Ha ha ha!  Quina mod més enrotllada


----------



## prosemas

Muy bien, esperamos ansiosos la información. Oye, ¿por qué a mí no me sale imagen junto a mi firma? Tenía una y no salía y la he bajado de tamaño y sigue sin salir.

Chao


----------



## belén

prosemas said:


> Muy bien, esperamos ansiosos la información. Oye, ¿por qué a mí no me sale imagen junto a mi firma? Tenía una y no salía y la he bajado de tamaño y sigue sin salir.
> 
> Chao



Te respondo por mensaje privado


----------



## belén

Bueno, he hecho la "excursión" y os puedo contar dos cosas que he descubierto hoy:

1. La placa del paseo pone "passeig des born" sin apóstrofe ninguna. 
2. Mi móvil es tonto y cuando la batería está baja no deja hacer fotos.


----------



## prosemas

Bueno, pues muchas gracias por terminar tan eficientemente esta historia.
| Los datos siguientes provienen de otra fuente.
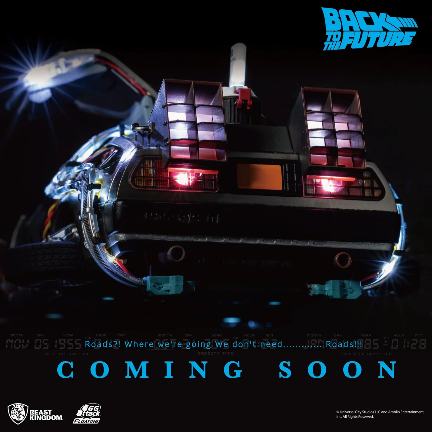 - Time circuit dashboard – Fully illuminated with the destination time, present time, and last departed time.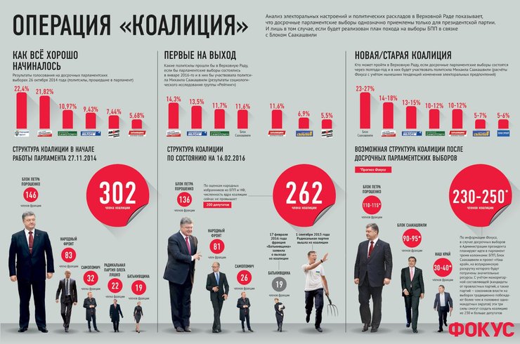 Распад парламентской коалиции продолжается. После неудачного голосования за недоверие правительству ее покинули Батькивщина и Самопомичь. Блок Петра Порошенко требует от премьер-министра Арсения Яценюка в течение трех недель предложить новый состав правительства и конкретную программу действий, иначе угрожает отправить его в отставку. Тем временем сам премьер, по информации Фокуса, продолжает консультации с президентом Украины Петром Порошенко и лидером Радикальной партии Олегом Ляшко, предлагая "политическим партнерам дать четкий перечень фамилий тех людей, которые придут в Кабинет министров". Будущее коалиции, парламента и правительства по-прежнему неизвестно.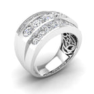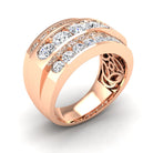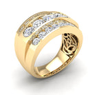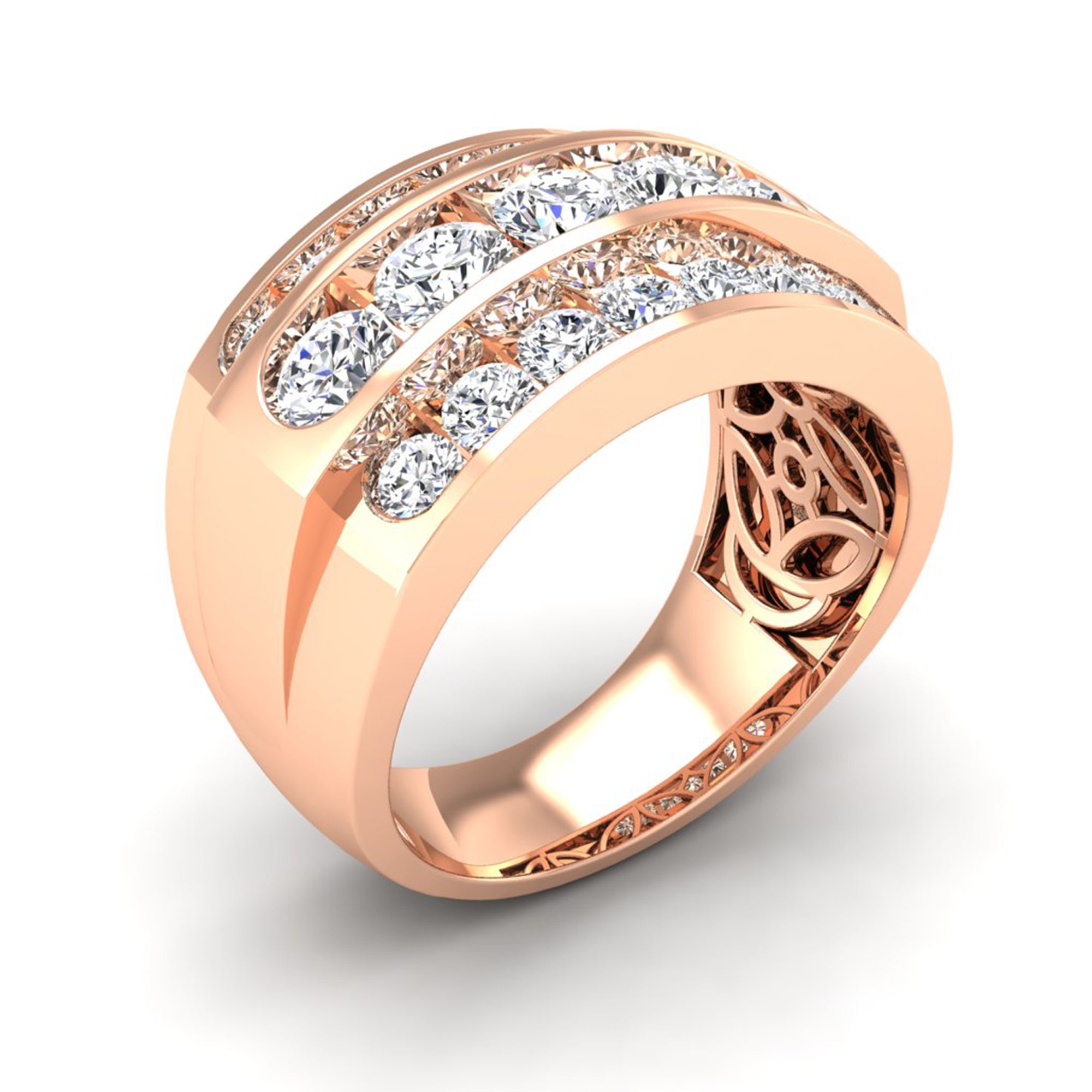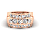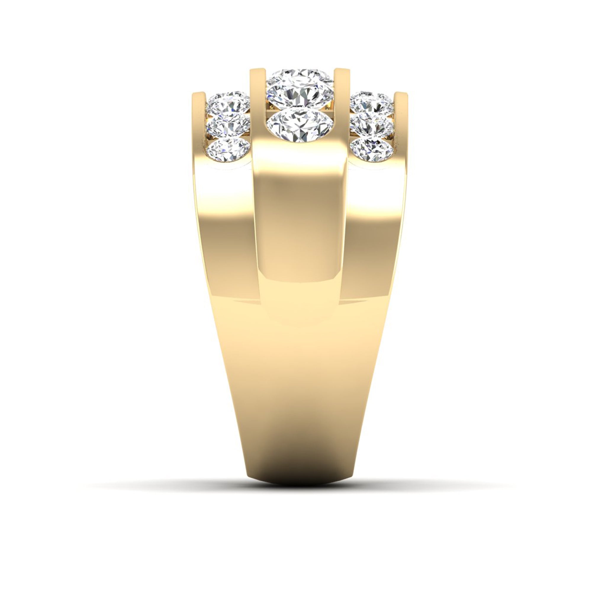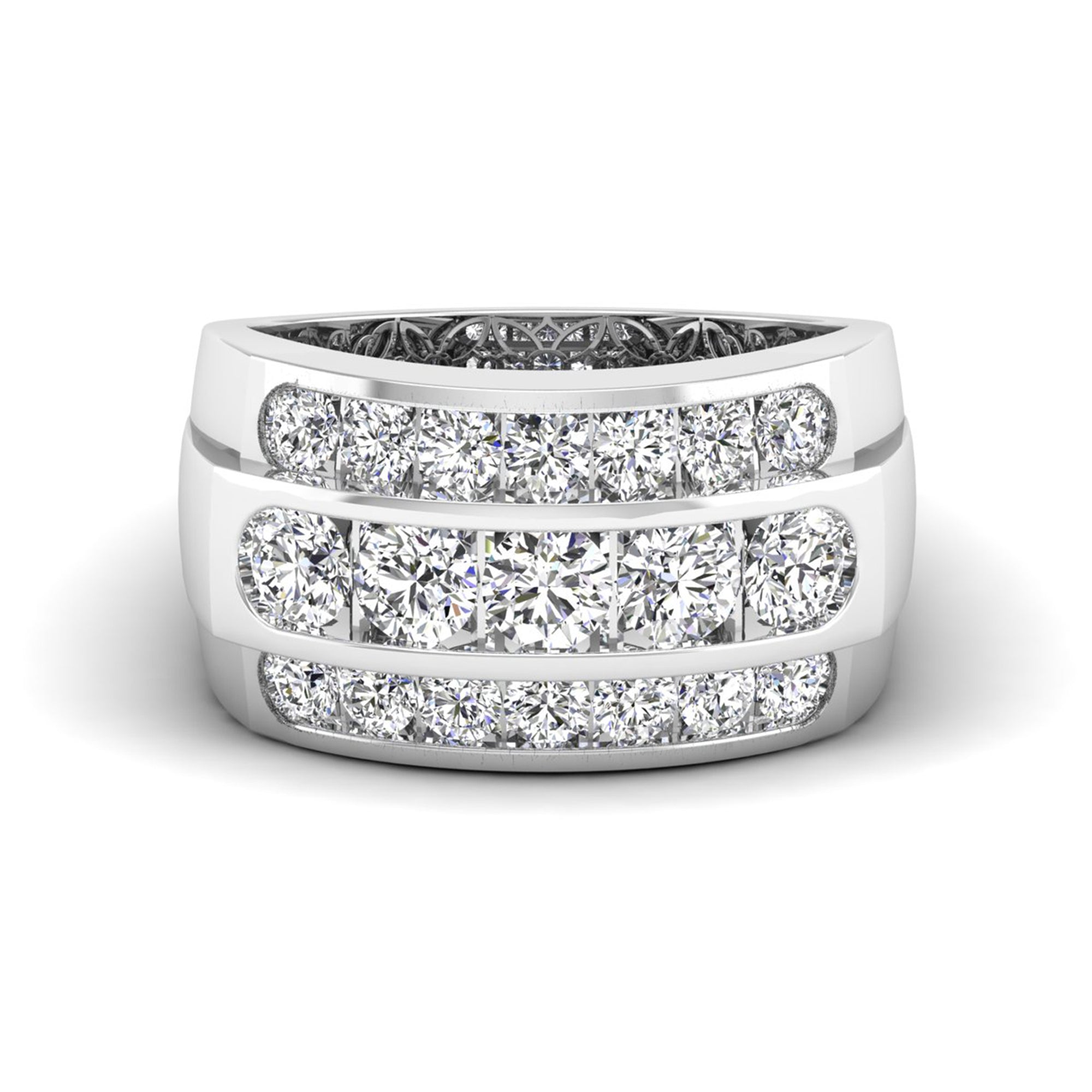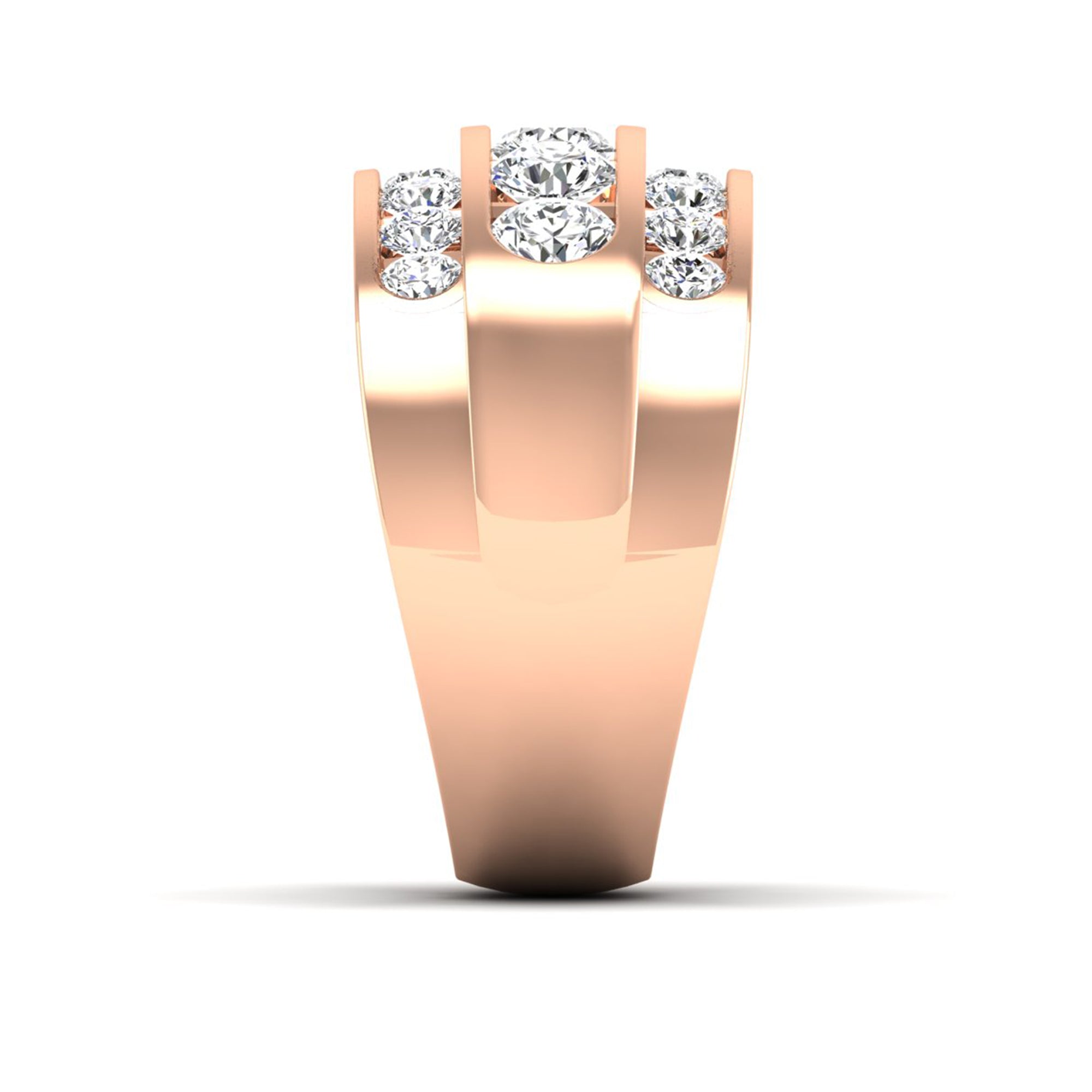 This sophisticated men's band features three precisely engineered channel rows containing meticulously calibrated diamonds. The channel setting architecture provides superior diamond security while creating clean, architectural lines across the band's surface.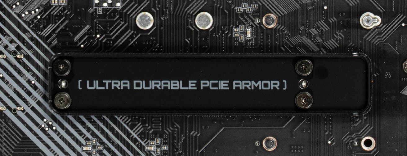 Первый («процессорный») слот PCIe x16 имеет не только жесткую защиту от деформирования в виде пластины с оборотной стороны платы (о чем я выше уже писал), но также еще и металлическое армирование из цинкового сплава, которое увеличивает надежность. Кроме того, такая защита предохраняет слот от электромагнитных помех.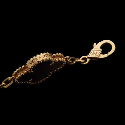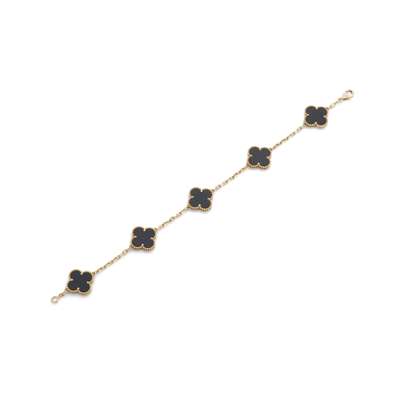 Van Cleef & Arpels: An onyx and gold 'Vintage Alhambra' bracelet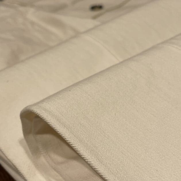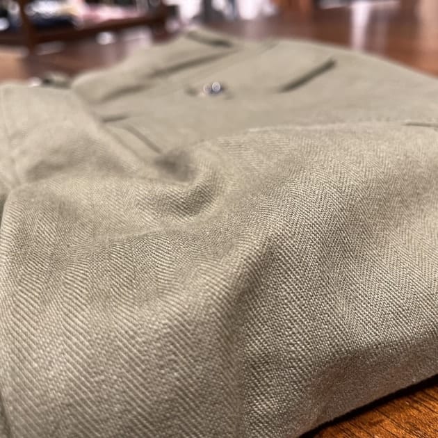 ヘリンボーン織りのコットン生地です。40年代からワークパンツに使われていた生地が再現されています。左右対称でなく、表裏を交互に出すヘリンボーン組織。糸の色ムラをあえて残すことで当時の生地感を忠実に再現しています。マニアックなディティールですが、これによって良い表情に仕上がってますね。通年でお使い頂けそうな生地感です。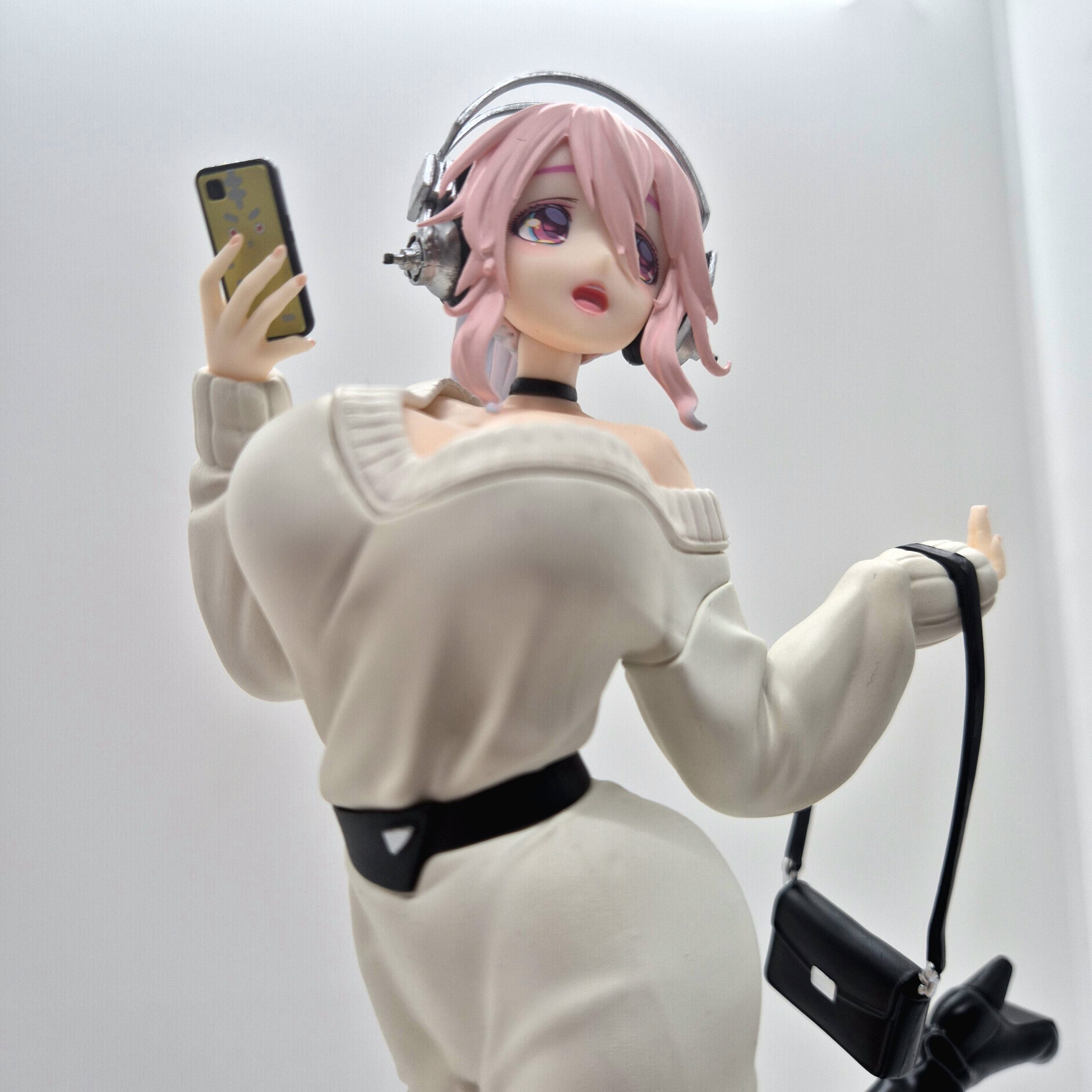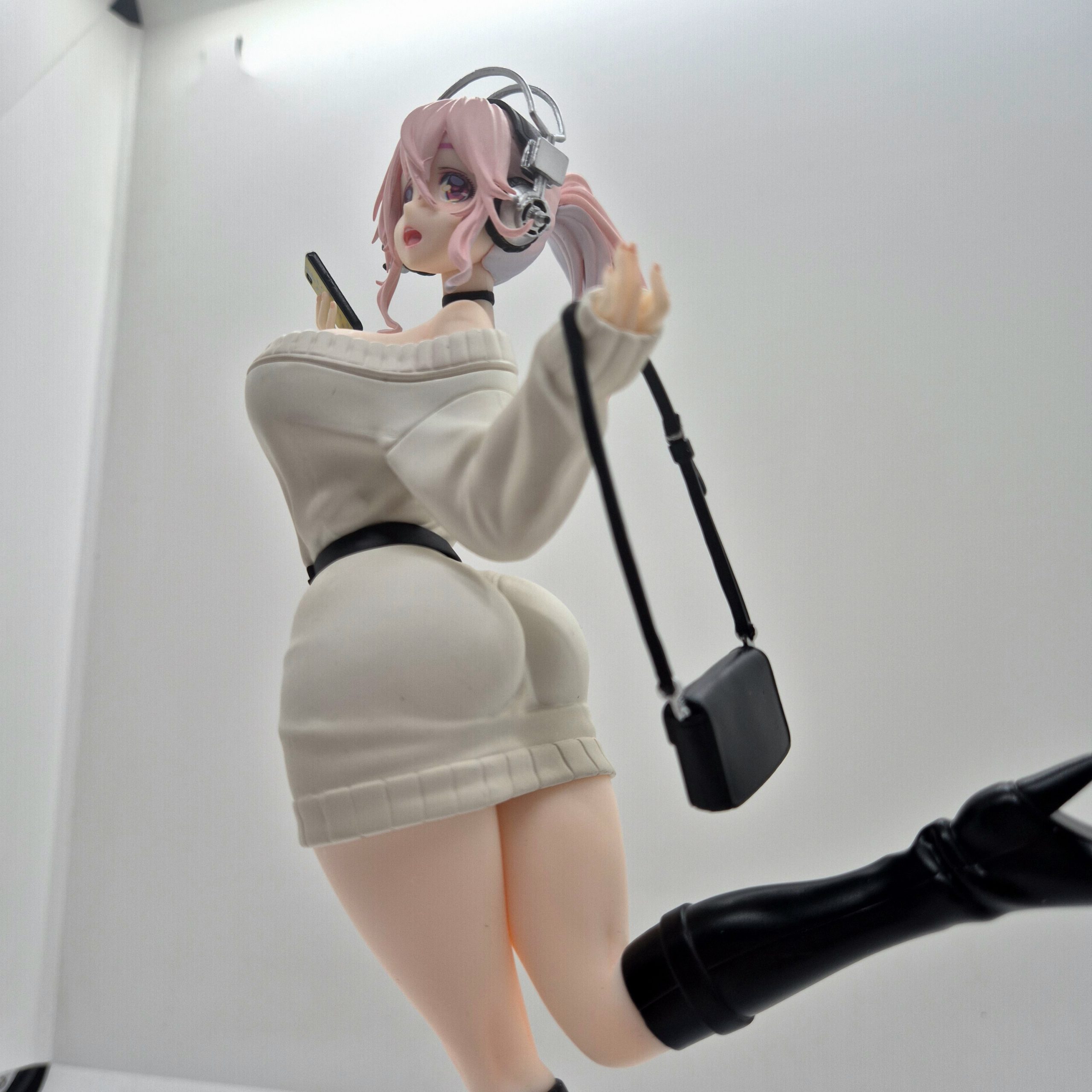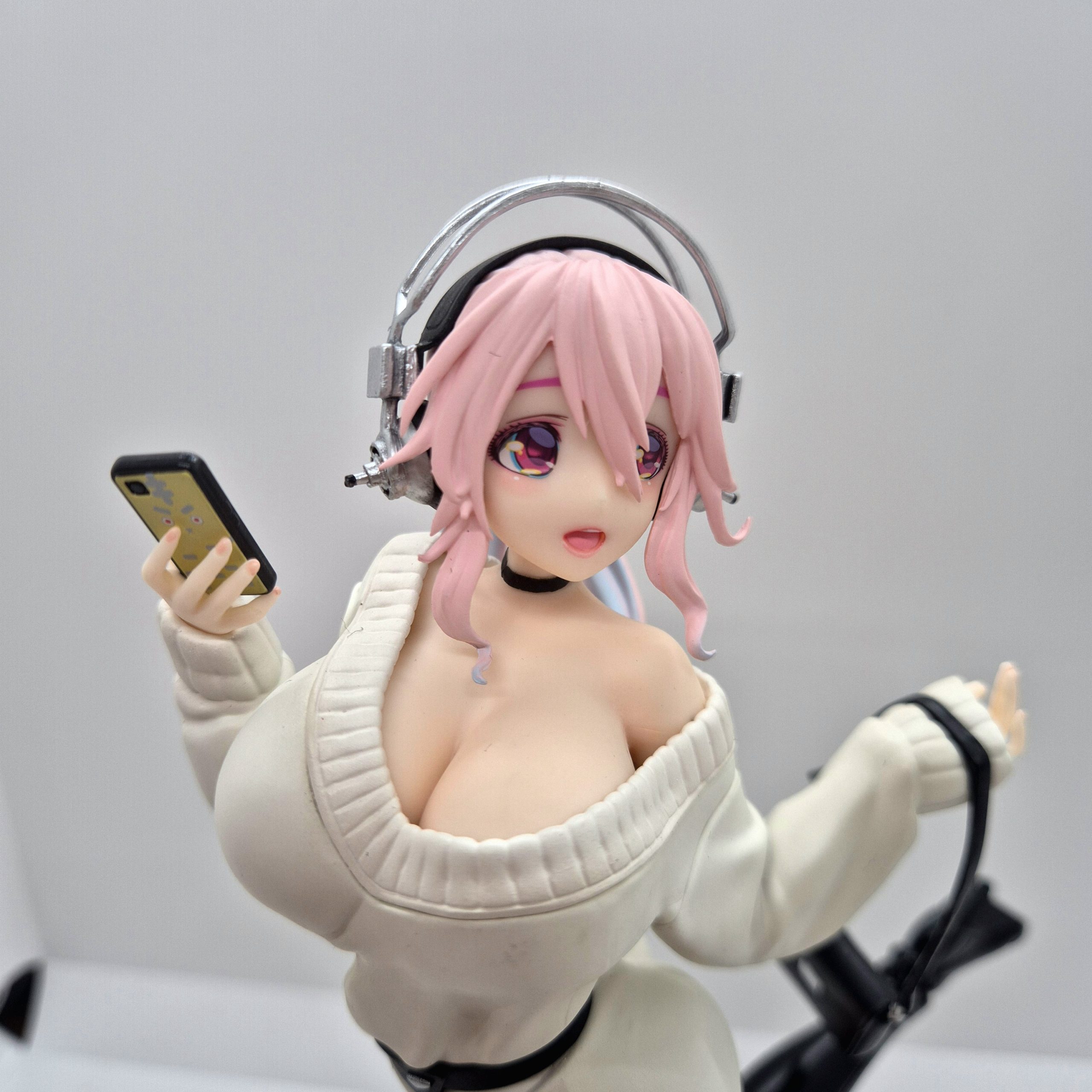I suoi iconici cuffie nere e i lunghi capelli rosa, acconciati in codino laterale, conferiscono carattere e riconoscibilità all’insieme. L’attenzione al paintwork è evidente nella sfumatura dei capelli, nel contrasto tra maglione e stivali, e nella cura del volto: occhi rossi grandi, guance lievemente rosate e sguardo accattivante catturano l’energia e la dolcezza di Sonico.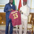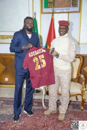 Promotion du football : les anciens internationaux Emmanuel ADEBAYOR et Charles KABORÉ chez le Président du Faso

Y los móviles son siempre tontos, los pobres.

Besos


----------



## TraductoraPobleSec

Prosemas, ara et queda anar a Palma i comprovar tu mateix que la placa diu "Passeig des Born" i passejar-te per aquest lloc tan magnífic


----------



## prosemas

Oh, me encantaría!! He estado trabajando en una guía de las Baleares y no sabes qué ganas me ha dado...


----------